Hacker News new | ask | show | jobs
by Twey 632 days ago
My favourite litmus test for ‘can LLMs reason about code?’ is to make up a programming language with familiar syntax but weird semantics. E.G.:

- all variables contain signed integers

- all variable names have block scope

- there is no variable declaration syntax: all variables are implicitly initialized at first use with the value 5

- all integer literals are expressions

- the expression `a + b` means to subtract the value on the left from the variable on the right, returning the previous value of the variable

- a program is a block

- a block is a sequence of statements enclosed in braces and separated by semicolons, and executed from bottom to top

- conditionals are introduced by the keyword `while`, followed by an expression, followed by a block that is executed only if the expression evaluates to 4

- loops are done by simply prefixing a block with an expression; if the expression evaluates to 0, the block will run indefinitely, otherwise the block will run a number of times indicated by the negation of the value

Et cetera. Then I ask the LLM to write a simple program (e.g. FizzBuzz). Even with a lot of hand-holding, I've yet to get an LLM to do this successfully, or even to answer questions about a program written in the language.

2 comments

I actually had pretty good results from taking a new language that was posted here and having GPT-4 try to interpret it. I don't remember what it was called, but it was APL-like, very symbol-dense, but not using standard symbols. It was too new to be included in any training data at the time, but GPT-4 did a good job of figuring out what each symbol meant.

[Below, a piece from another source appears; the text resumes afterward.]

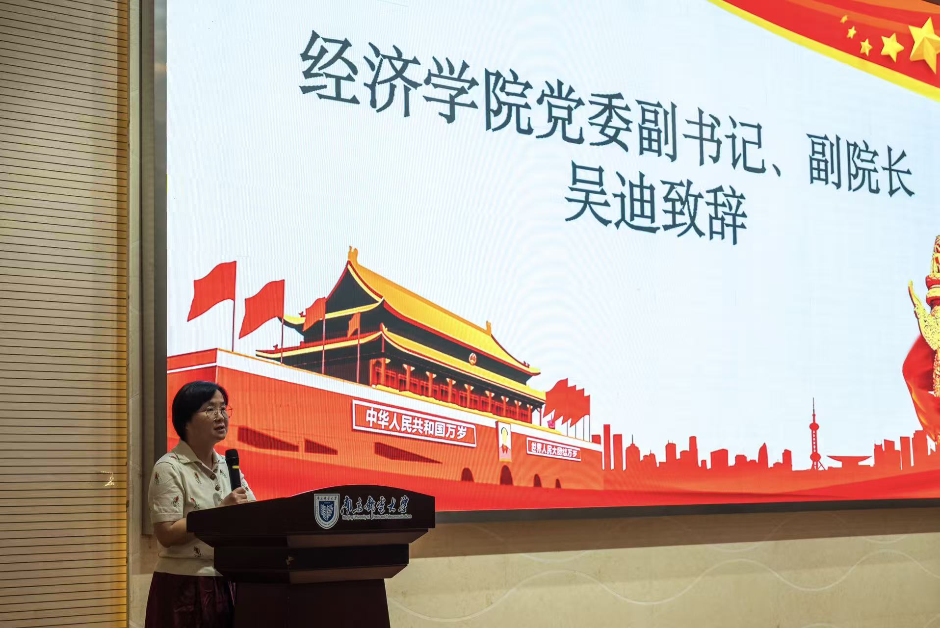 大会伴随着庄严的国歌声,正式拉开了帷幕。吴迪副书记在大会上致辞,她对大会的顺利召开表示热烈的祝贺,并对经院学子展现出的积极向上、奋发有为的精神风貌给予了充分肯定。她指出,学生会是学院与学生之间的桥梁纽带,成员应筑牢理想信念,勇于担当作为,全心全意服务同学,发挥模范带头作用。同时,她希望学生会立足学院实际,以高度的责任感和使命感为学院发展贡献智慧,并鼓励同学们以此次大会为契机,不断成长进步,为学院、学校和国家发展不懈奋斗,彰显新时代青年的担当精神。

I think it's not impossible for LLMs to write code like you're wanting. Maybe it's actually harder to redefine common idioms, but to be fair that happens with people too:

https://en.m.wikipedia.org/wiki/Stroop_effect

My favorite test is to ask the LLM to approximate the mental processes going on in my brain, and based on that, divinate what food I had for dinner last thursday. /s

I’m honestly quite tired of reading people’s favorite ways to break the LLM, like it’s some kind of an achievement. Always in the context of “See? It doesn’t really reason/know/understand X!”.

Yes, it breaks when asked to do complicated stuff. GPT4 was worse at it than o1, GPT3 broke on trivial queries, and GPT2 couldn’t do anything done. I don’t even interact with LLMs often, and I find this whole topic to be breathlessly obvious, boring and unproductive, and yet every single conversation about LLMs devolves into it. Sorry about the rant, but it needed to come out at some point.